Re: XML Blueberry (non-ASCII name characters in Japan)

In Unicode 3.1 there are added special function characters for allowing new
characters to be composed positionally from parts.  These are intended for
very rare or new characters only.

There has been several thousand of years of research into what the primitive
components of Han ideographs are.  It is only now that we have computers and
large databases of characters that it is feasible to try out different
alternatives.  At Academia Sinica, for example, my friend Prof. C.C. Hsieh
devised a system with about 600 components and I think 16 composition
functions (side-by-side) which can represent about 98% of the Hanyu lexicon.

Unicode went with a simpler set of functions, but at the expense that the
functions allow some ambiguity: there may be more than one way to represent
the same character.  This may be fine for text, but not good for names where
normalization and comparison is their destiny.

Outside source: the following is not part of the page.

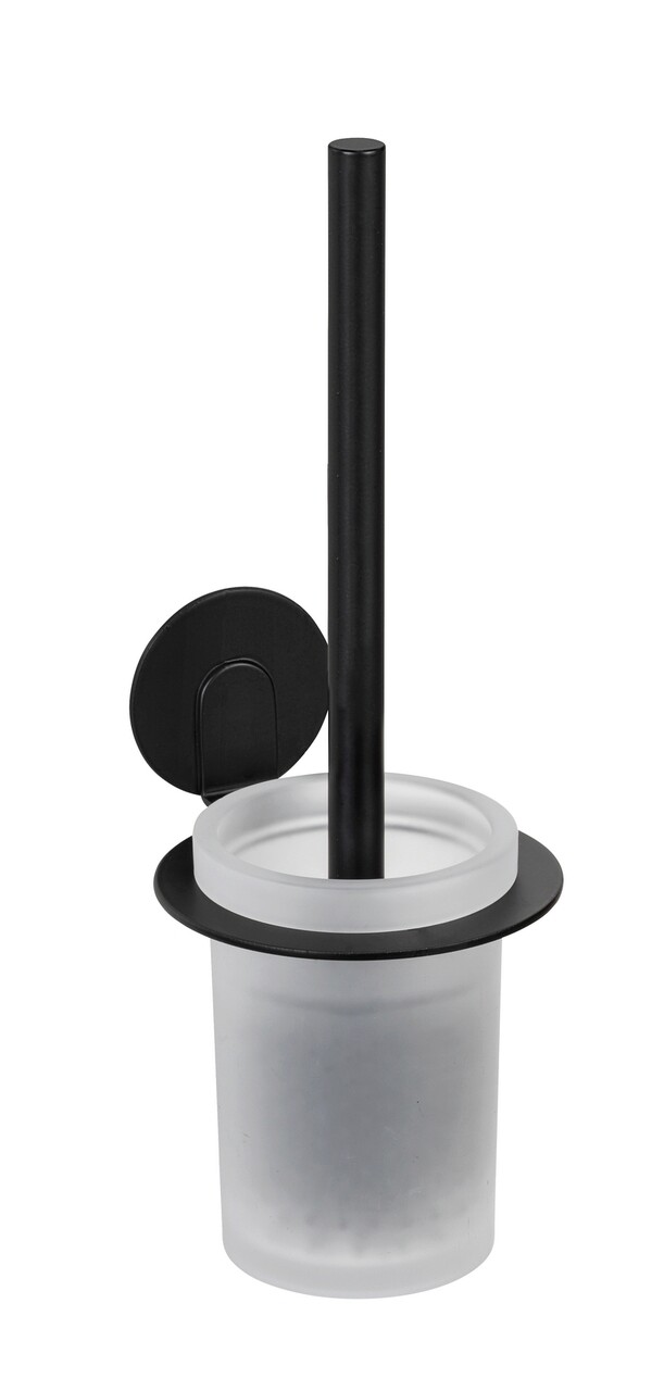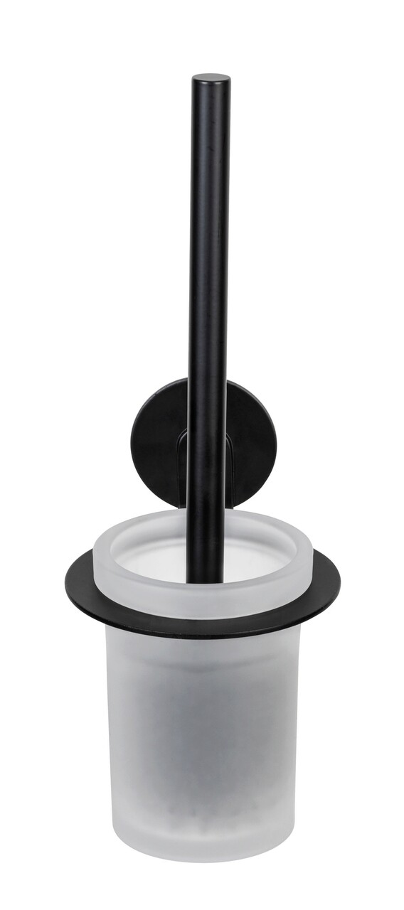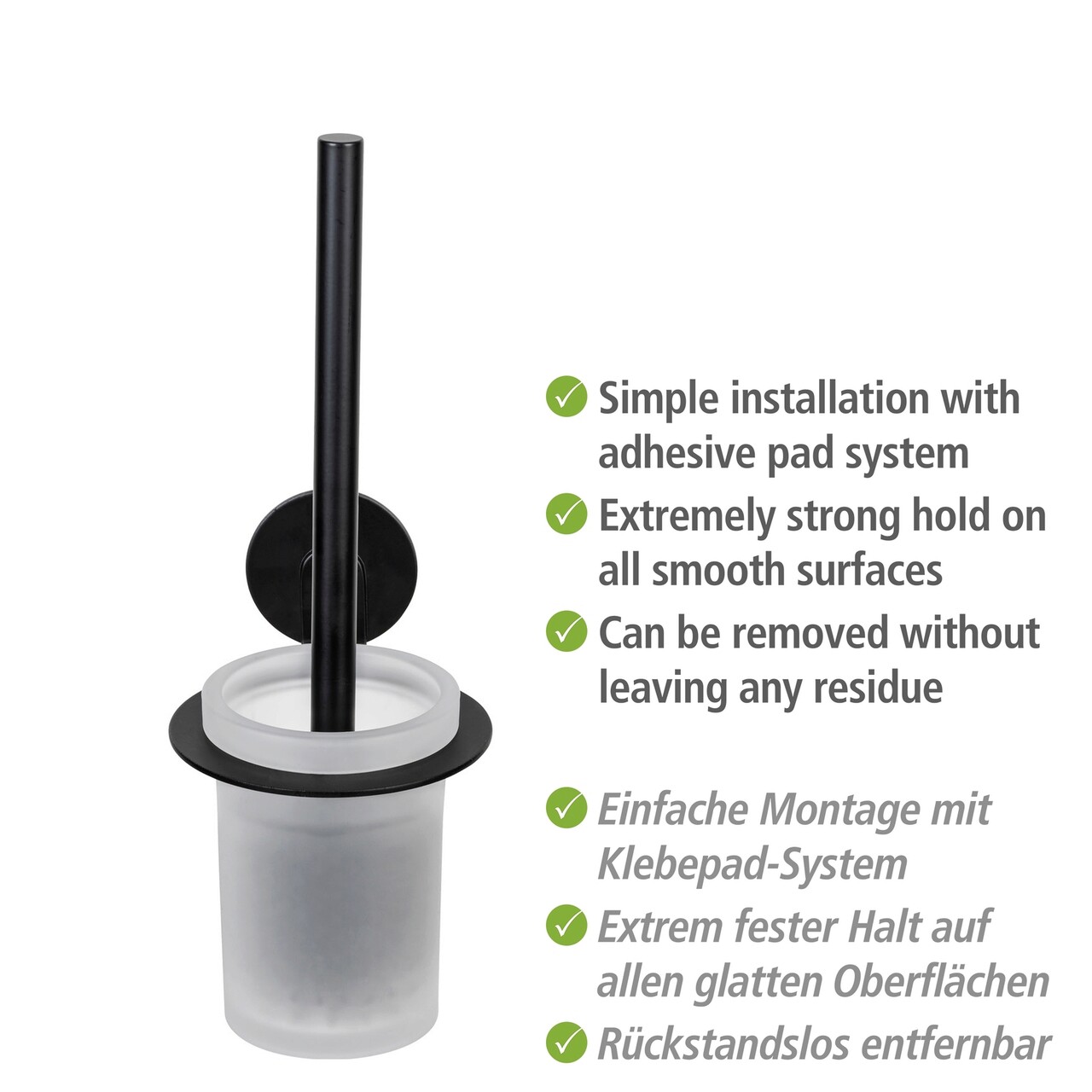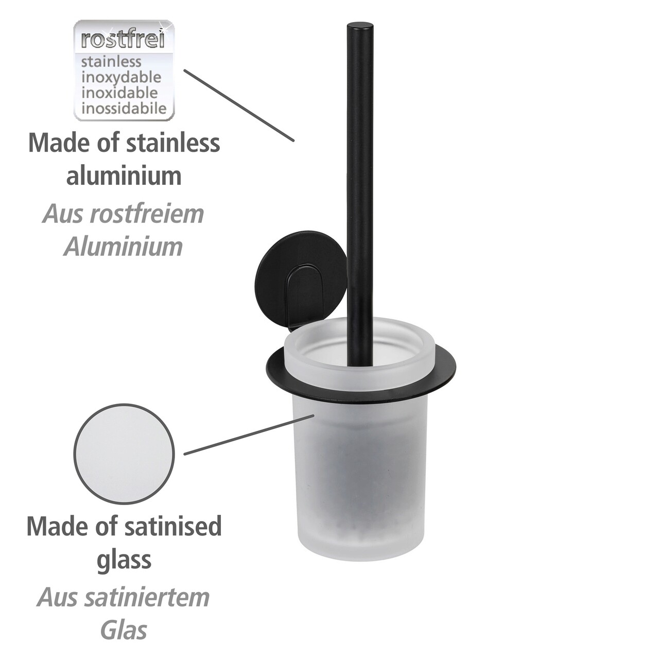 Perie pentru toaleta cu suport Bivio, Wenko, 12x14x34.5 cm, aluminiu/sticla, negru/alb

(I don't think these function characters are suitable for use in names,
b.t.w.)

Cheers
Rick Jelliffe



From: "Joel Rees" <rees@server.mediafusion.co.jp>

Oh. I thought of another way around this issue. It is not presently a very
satisfying solution, but may be the ultimate solution, if it would work: Are
ideographic sequences allowed in markup (tags and attributes)? I mean
sequences of existing characters with the ideographic description characters
mixed in to show how they are supposed to combine. If so, some truly
sophisticated editor of the future would be able to build virtually any
character that can be built from the current set of radicals, and we would
be able to do with Japanese the equivalent of using "mellyfluus" (the
misspelling) in an attribute.

Received on Tuesday, 10 July 2001 06:11:24 UTC